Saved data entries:
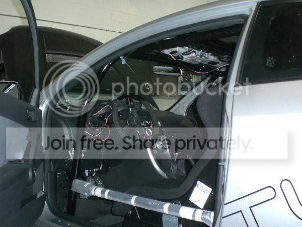 Just got some pics of the new cage installed. They did a great job! All the raw metal was painted gloss black and they gutted most of the bolts, brackets, and anything else not needed in there. I still need the speakers removed since i no longer have a stereo.
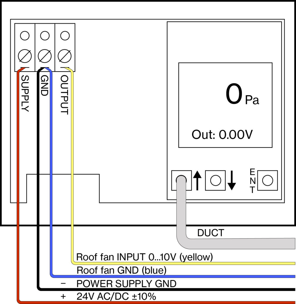 VILPE Differenstryckregulator 24 V mäter noggrant lufttrycket i ventilationskanalen. När regulatorn upptäcker en tryckförändring, justerar den automatiskt takfläktens varvtal för att säkerställa ett konstant tryck i kanalen.
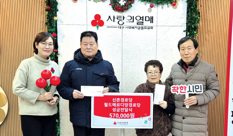 대한노인회 대구 달서구지회(회장 김해동)는 지난 13일(월) 어르신들이 평소 모아온 금액을 불우이웃돕기 성금으로, 신촌경로당 회장 이경순외 46명의 회원들이 정성들여 모은 성금 47만 원과 월성월드메르디앙 회장 박익규외 26명이 모은 10만 원을 대구사회복지공동모금회에 기부했다.
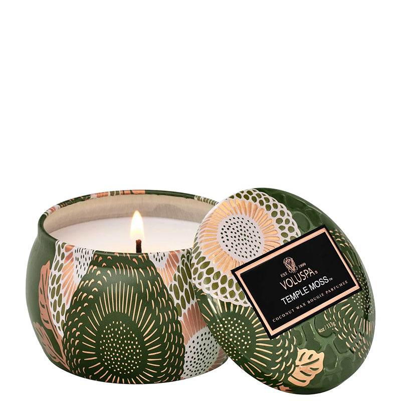 Voluspa's unique coconut wax blend is hand-poured into a 4 oz. metal vessel adorned in Japonica pattern and is topped with a matching lid that keeps the candle dust-free when not in use. The single wick allows you to enjoy fragrance throw for 25 hours. These candles are hand-poured in the United States and feature proprietary, clean-burning coconut wax blend and 100% natural wicks.
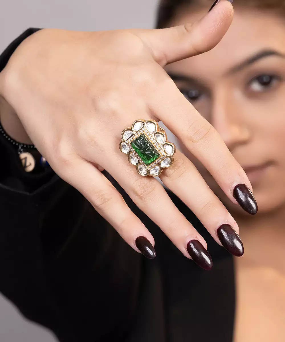 This Gold Plated Kundan Green Stone Ring Reflects Timeless Elegance And Regal Charm. Crafted With A Radiant Gold Finish And Adorned With Classic Kundan Work And A Vibrant Green Stone, It Adds A Rich, Sophisticated Touch. Perfect For Festive Occasions And Weddings, It Offers A Graceful Statement With Traditional Ethnic Appeal.

* To do
Each of the records above needs to be transcribed exactly, apart from its pictures.

* Solved problem
 Just got some pics of the new cage installed. They did a great job! All the raw metal was painted gloss black and they gutted most of the bolts, brackets, and anything else not needed in there. I still need the speakers removed since i no longer have a stereo.
 VILPE Differenstryckregulator 24 V mäter noggrant lufttrycket i ventilationskanalen. När regulatorn upptäcker en tryckförändring, justerar den automatiskt takfläktens varvtal för att säkerställa ett konstant tryck i kanalen.
 대한노인회 대구 달서구지회(회장 김해동)는 지난 13일(월) 어르신들이 평소 모아온 금액을 불우이웃돕기 성금으로, 신촌경로당 회장 이경순외 46명의 회원들이 정성들여 모은 성금 47만 원과 월성월드메르디앙 회장 박익규외 26명이 모은 10만 원을 대구사회복지공동모금회에 기부했다.
 Voluspa's unique coconut wax blend is hand-poured into a 4 oz. metal vessel adorned in Japonica pattern and is topped with a matching lid that keeps the candle dust-free when not in use. The single wick allows you to enjoy fragrance throw for 25 hours. These candles are hand-poured in the United States and feature proprietary, clean-burning coconut wax blend and 100% natural wicks.
 This Gold Plated Kundan Green Stone Ring Reflects Timeless Elegance And Regal Charm. Crafted With A Radiant Gold Finish And Adorned With Classic Kundan Work And A Vibrant Green Stone, It Adds A Rich, Sophisticated Touch. Perfect For Festive Occasions And Weddings, It Offers A Graceful Statement With Traditional Ethnic Appeal.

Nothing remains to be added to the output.